Twelve Days of Christmas Cookies: nuts

Welcome to our Twelve Days of Christmas Cookies link up! For the next two weeks, join us every day and add your favorite cookie recipe for that day’s theme. Please follow Lisa and Lindsay and check out some new blogs! Happy baking!

We recently discovered that C has a minor tree-nut allergy, so suddenly my ability to bake with nuts is quite limited! Unless, of course, I am baking something that I don't want to eat... then I can load it up with walnuts, pecans, and hazelnuts, and keep it all for myself. Not that I would ever do that...!!

In looking for a tree-nut-free recipe to use last year, my mom and I came across Pistachio-Cherry-Chocolate Cookies in an America's Test Kitchen: Christmas Cookies cookbook that my mom had stashed away. What a delightful combination of flavors! We adored these cookies last year, and knew we had to make them again this year. I had co-workers asking me months ago if I planned to bake these again - they are definitely a hit!

We have adapted the original recipe just slightly in order to make the production a little simpler. Other than that, we just followed the recipe!

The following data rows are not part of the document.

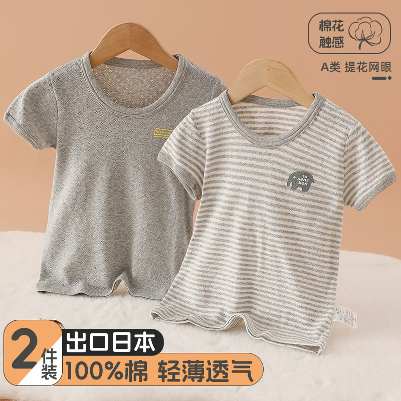日系网眼男宝宝短袖T恤透气条纹上衣100%纯棉儿童学生半袖打底衫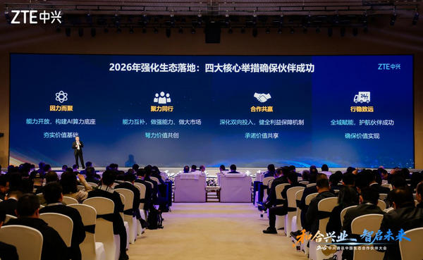 針對 2026 年生態(tài)發(fā)展重點,王翔向合作伙伴明確了核心方向:圍繞 “開能力、強合作、共利益、優(yōu)賦能” 四大核心舉措,持續(xù)深化與生態(tài)伙伴的全方位合作。其中,“開能力” 聚焦核心能力層、基礎設施層、能力平臺層、應用層、終端層,全面開源開放核心能力,依托架構級協同優(yōu)化優(yōu)勢,提升系統兼容性與性能,與伙伴共建開放、高效的 AI 算力底座;“強合作” 注重以客戶為中心,整合產業(yè)鏈的優(yōu)質生態(tài)資源,與伙伴能力互補,加強與伙伴在“技術-市場”的雙向聯動,做強AI全棧全場景能力,深耕“6大重點行業(yè)+30 個垂直子行業(yè)+240 個細分場景”市場。;“共利益” 即深化雙向投入,健全利益保障機制,打造更多元的合作模式,共享更大的商機資源池,提供更多的利益空間,優(yōu)化更好的合作機制;“優(yōu)賦能” 則圍繞技術、營銷、培訓、數字化服務四大維度,為伙伴提供系統性的全域賦能,助力伙伴提升核心能力與市場競爭力,同時全面升級一站式數字化服務體系,基于Co-Claw ,為伙伴提供更 “智”“惠” 的智能助手,全面向市場釋放 “中興 + 伙伴” 的協同合力。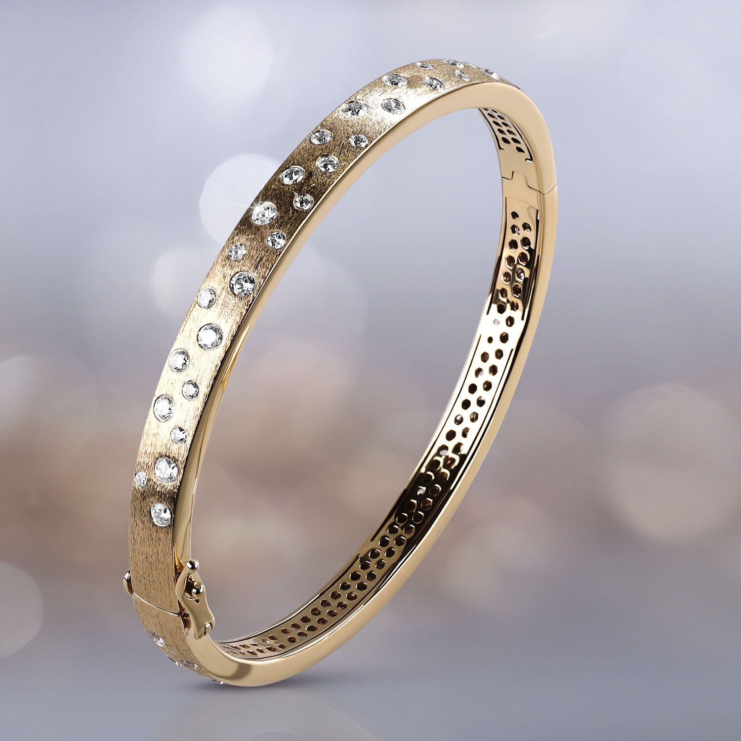 Exquisite. Absolutely beyond gorgeous in person. This is the perfect diamond decked stud bangle for the jewelry lover. The pictures don’t do it justice. It is a bit oversized, which is great for stacking…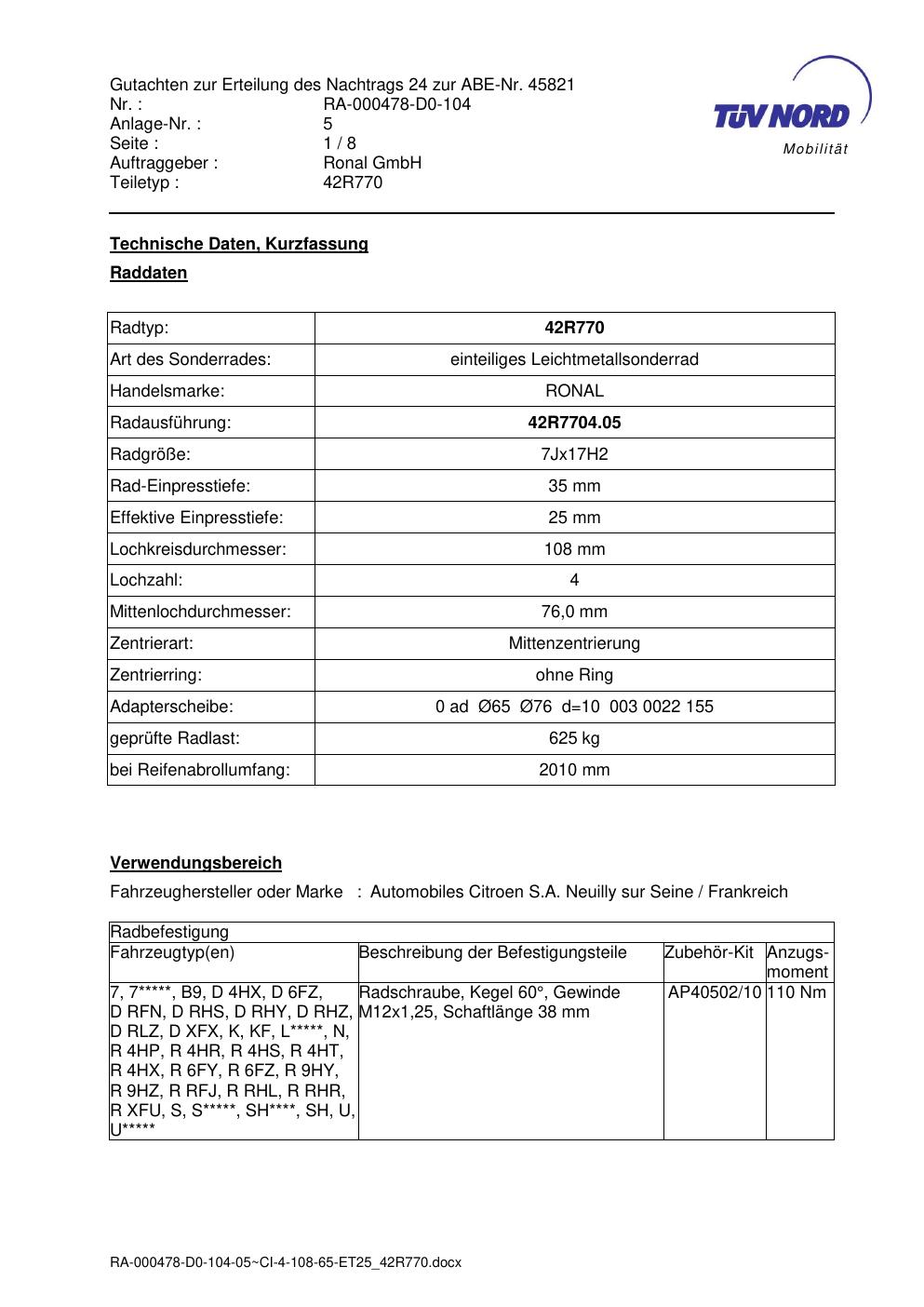 Dieses abe der Marke Ronal stammt vom jeweiligen Hersteller, Importeur oder einer Prüforganisation. Felgengutachten.de beansprucht hieran keine eigenen Urheber-, Nutzungs- oder sonstigen Schutzrechte. Soweit das Dokument urheber- oder leistungsschutzrechtlich geschützt ist, verbleiben die Rechte beim jeweiligen Rechteinhaber. Die Bereitstellung erfolgt ausschließlich zu Informationszwecken für Endnutzer, z. B. zur Vorlage bei Prüfstellen oder zur eigenen Fahrzeugdokumentation.

Pistachio-Cherry-Chocolate Cookies
from America's Test Kitchen
Makes about 40 cookies

  • 2 1/2 cups all-purpose flour
  • 3/4 cup superfine sugar
  • 1/4 teaspoon salt
  • 16 tablespoons unsalted butter, cut into 16 pieces and softened
  • 1 1/4 cups shelled pistachios, toasted and chopped fine
  • 1/3 cup dried cherries, chopped fine
  • 1 ounce cream cheese, softened
  • 2 teaspoons vanilla extract
  • 6 ounces bittersweet chocolate, chopped
  1. Using stand mixer fitted with paddle, mix flour, sugar, and salt on low speed until combined. Add butter and stir until mixture is crumbly.
  2. Stir in pistachios, cherries, cream cheese, and vanilla, and mix until well incorporated, but do not over mix - just until dough starts to come together in large chunks.
  3. Place dough on a piece of plastic wrap and knead by hand until it starts to come together and all mix-ins are well-incorporated.
  4. Split dough into two equal chunks, form into discs, and wrap in plastic wrap. Refrigerate at least one hour.
  5. Once dough is chilled, preheat oven to 375*.
  6. Take dough out of fridge and form balls using approximately 1 tablespoon of dough per cookie. Flatten balls into cookie shapes and place on parchment-paper-lined cookie sheets - do not overcrowd cookie sheets!
  7. Bake one cookie sheet at a time on the middle rack in the oven, for 9-10 minutes per tray, rotating tray halfway through baking.
  8. Once cookies are cooled, melt chocolate in a microwave-safe bowl. Use a spoon to lightly drizzle chocolate over cookies, or dip cookies halfway into chocolate to coat. (The drizzle method is much faster and easier, but doesn't give the same visual appeal.)


1 comment :

Stephanie @ My Freckled Life said...

Yummmm, these sound tasty! I love pistachios!!